■ **STORED DATA**:
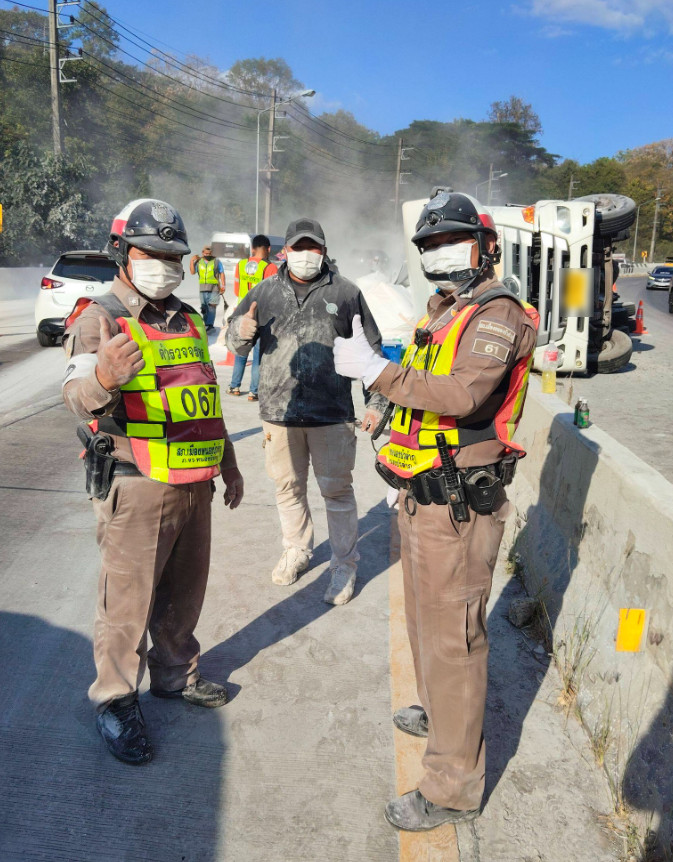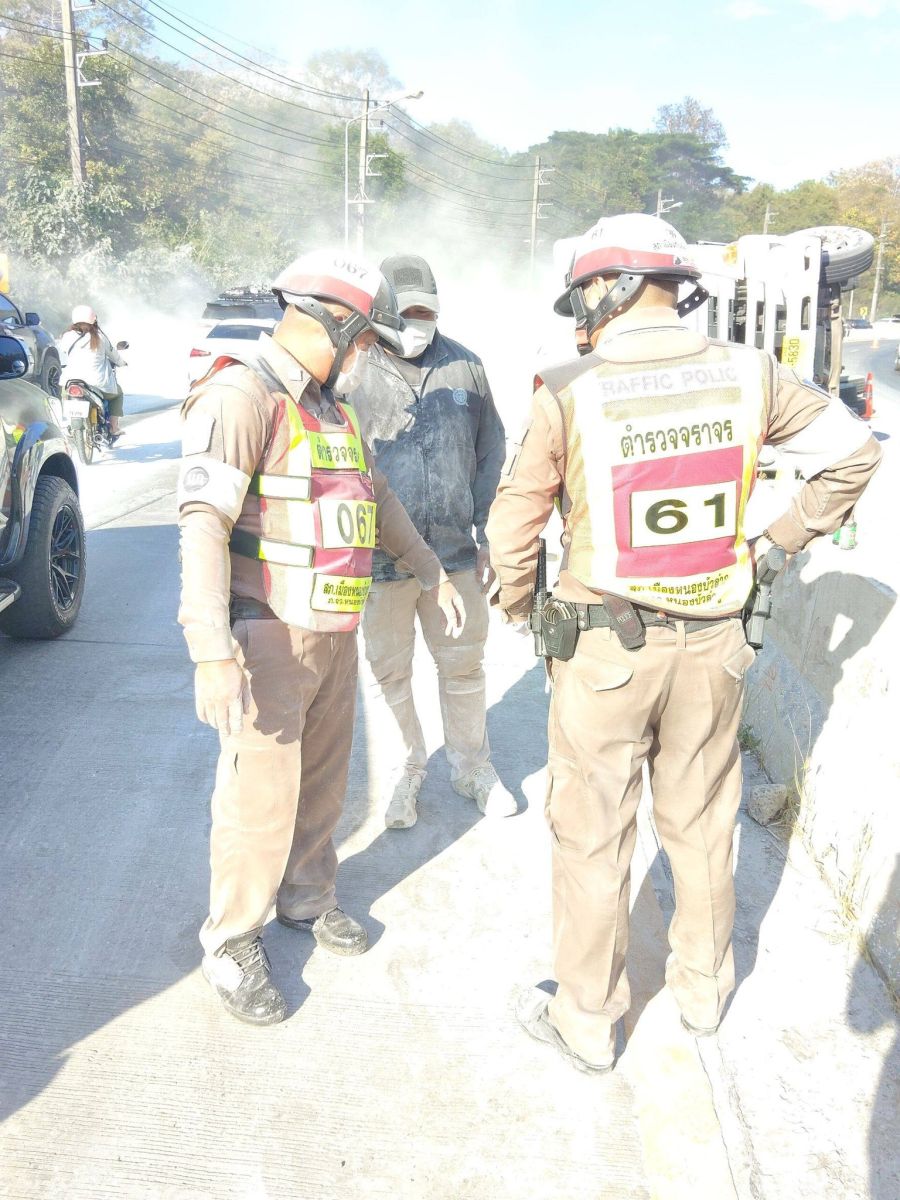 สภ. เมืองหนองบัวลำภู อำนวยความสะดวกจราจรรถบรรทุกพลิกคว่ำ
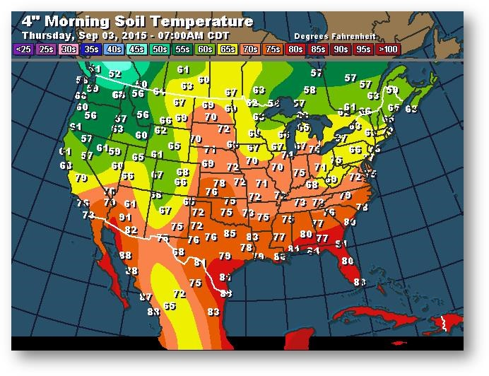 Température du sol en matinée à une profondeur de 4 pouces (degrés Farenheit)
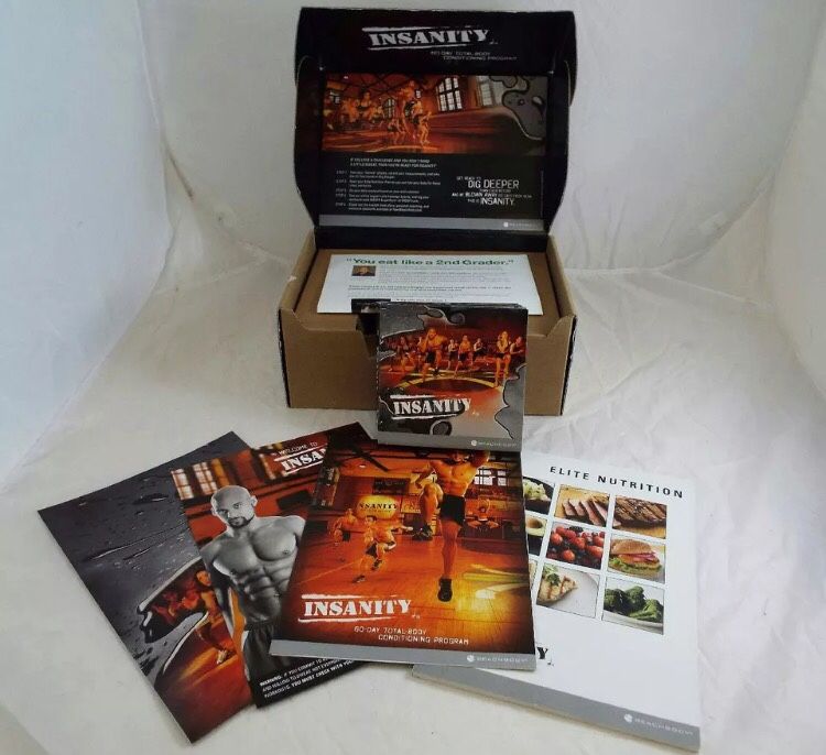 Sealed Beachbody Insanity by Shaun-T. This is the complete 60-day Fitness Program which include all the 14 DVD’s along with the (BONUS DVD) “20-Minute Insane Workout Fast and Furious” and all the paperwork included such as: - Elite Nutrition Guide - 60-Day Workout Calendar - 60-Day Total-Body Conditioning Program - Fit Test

■ **TASK BRIEF**:
Would you give again exactly the lines from the line containing "Température du sol" through the end of the listing, both ends included, without any pictures?

■ **SOLUTION TO THIS EXERCISE**:
 Température du sol en matinée à une profondeur de 4 pouces (degrés Farenheit)
 Sealed Beachbody Insanity by Shaun-T. This is the complete 60-day Fitness Program which include all the 14 DVD’s along with the (BONUS DVD) “20-Minute Insane Workout Fast and Furious” and all the paperwork included such as: - Elite Nutrition Guide - 60-Day Workout Calendar - 60-Day Total-Body Conditioning Program - Fit Test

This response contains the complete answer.